DATASET EXCERPTS:
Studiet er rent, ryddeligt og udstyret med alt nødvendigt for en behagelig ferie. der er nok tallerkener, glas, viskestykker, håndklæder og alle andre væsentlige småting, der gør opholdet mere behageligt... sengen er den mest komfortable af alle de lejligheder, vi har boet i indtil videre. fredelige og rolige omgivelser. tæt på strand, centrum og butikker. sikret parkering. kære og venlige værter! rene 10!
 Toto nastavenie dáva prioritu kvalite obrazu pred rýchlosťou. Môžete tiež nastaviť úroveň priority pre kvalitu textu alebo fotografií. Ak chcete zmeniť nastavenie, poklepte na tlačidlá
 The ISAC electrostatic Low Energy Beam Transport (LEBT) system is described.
---
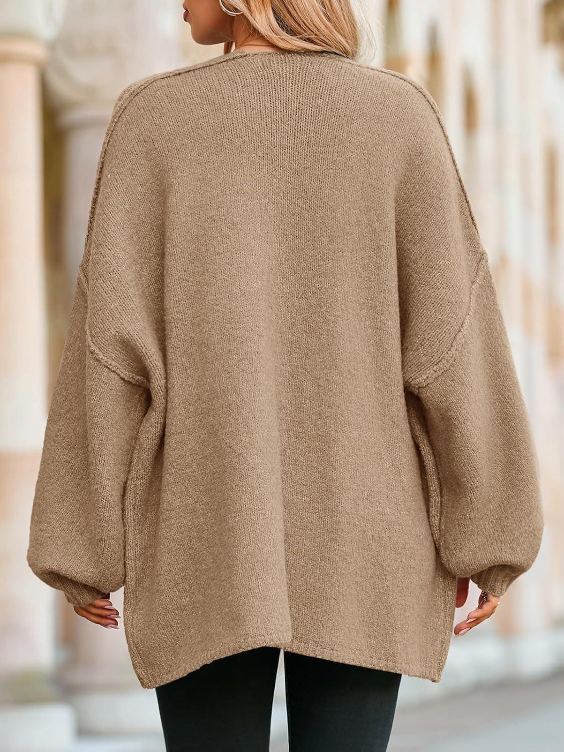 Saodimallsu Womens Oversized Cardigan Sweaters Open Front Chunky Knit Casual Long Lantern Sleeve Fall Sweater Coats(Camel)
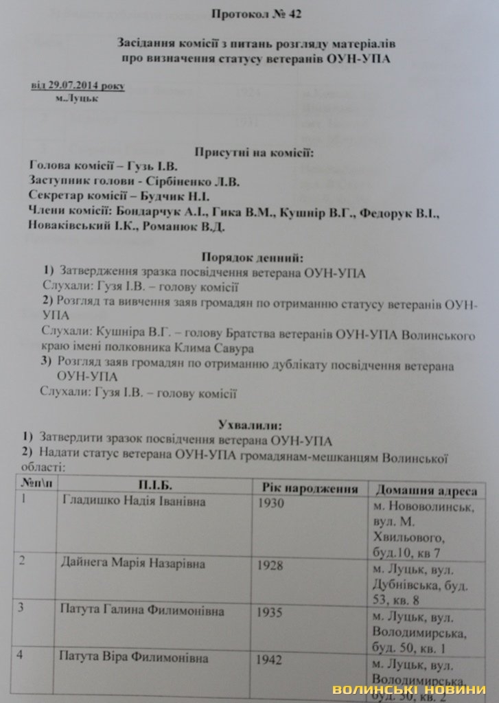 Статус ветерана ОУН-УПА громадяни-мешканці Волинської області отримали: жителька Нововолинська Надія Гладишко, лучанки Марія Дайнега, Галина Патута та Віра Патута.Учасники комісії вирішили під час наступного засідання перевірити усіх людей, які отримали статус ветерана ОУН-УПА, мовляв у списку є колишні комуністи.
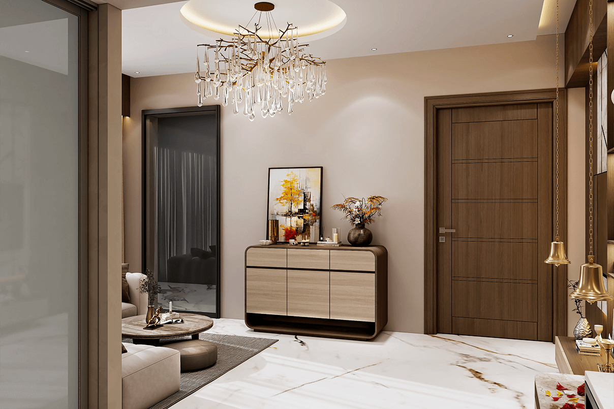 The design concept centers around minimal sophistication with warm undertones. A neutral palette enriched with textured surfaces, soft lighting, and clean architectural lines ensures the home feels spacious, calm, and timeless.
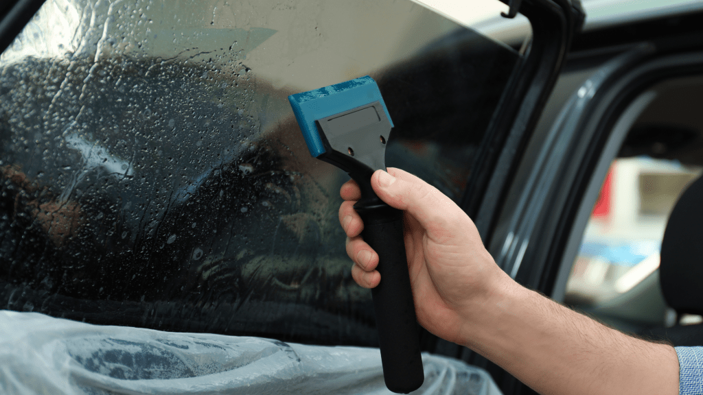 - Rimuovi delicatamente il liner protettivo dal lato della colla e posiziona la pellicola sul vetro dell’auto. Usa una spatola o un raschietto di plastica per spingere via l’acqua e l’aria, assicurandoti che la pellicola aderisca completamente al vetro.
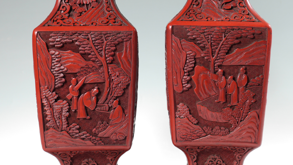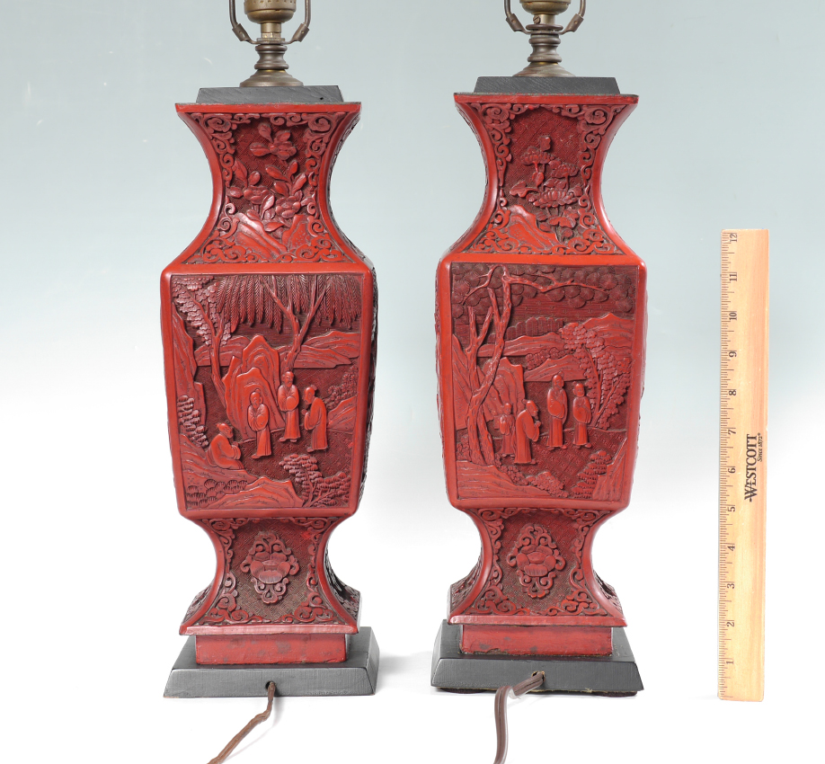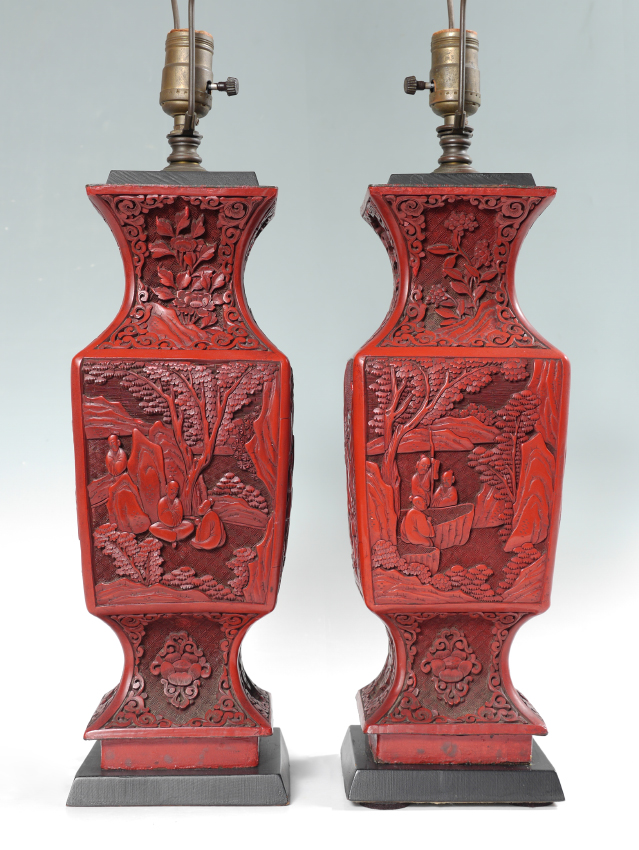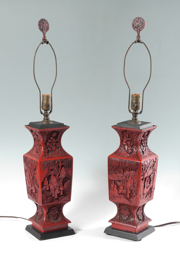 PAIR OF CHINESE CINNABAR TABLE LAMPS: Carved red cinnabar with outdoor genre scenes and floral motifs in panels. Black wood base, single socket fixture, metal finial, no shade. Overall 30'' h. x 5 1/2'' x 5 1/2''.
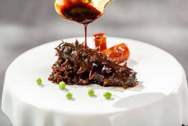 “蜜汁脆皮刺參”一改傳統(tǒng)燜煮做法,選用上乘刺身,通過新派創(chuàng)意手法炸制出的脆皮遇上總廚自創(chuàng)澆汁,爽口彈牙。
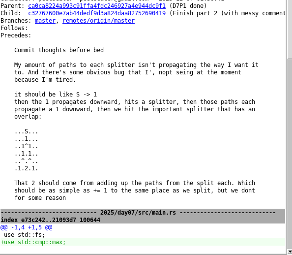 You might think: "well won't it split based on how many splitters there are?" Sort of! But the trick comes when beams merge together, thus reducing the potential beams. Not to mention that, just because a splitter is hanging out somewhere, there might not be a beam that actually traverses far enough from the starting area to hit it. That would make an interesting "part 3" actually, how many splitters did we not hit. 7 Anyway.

EXERCISE INSTRUCTIONS:
Reproduce the listing above from the line that holds "PAIR OF CHINESE" through the line that holds "hit. 7 Anyway.", both included, with the pictures left out.

SOLUTION FOR THIS PROBLEM:
 PAIR OF CHINESE CINNABAR TABLE LAMPS: Carved red cinnabar with outdoor genre scenes and floral motifs in panels. Black wood base, single socket fixture, metal finial, no shade. Overall 30'' h. x 5 1/2'' x 5 1/2''.
 “蜜汁脆皮刺參”一改傳統(tǒng)燜煮做法,選用上乘刺身,通過新派創(chuàng)意手法炸制出的脆皮遇上總廚自創(chuàng)澆汁,爽口彈牙。
 You might think: "well won't it split based on how many splitters there are?" Sort of! But the trick comes when beams merge together, thus reducing the potential beams. Not to mention that, just because a splitter is hanging out somewhere, there might not be a beam that actually traverses far enough from the starting area to hit it. That would make an interesting "part 3" actually, how many splitters did we not hit. 7 Anyway.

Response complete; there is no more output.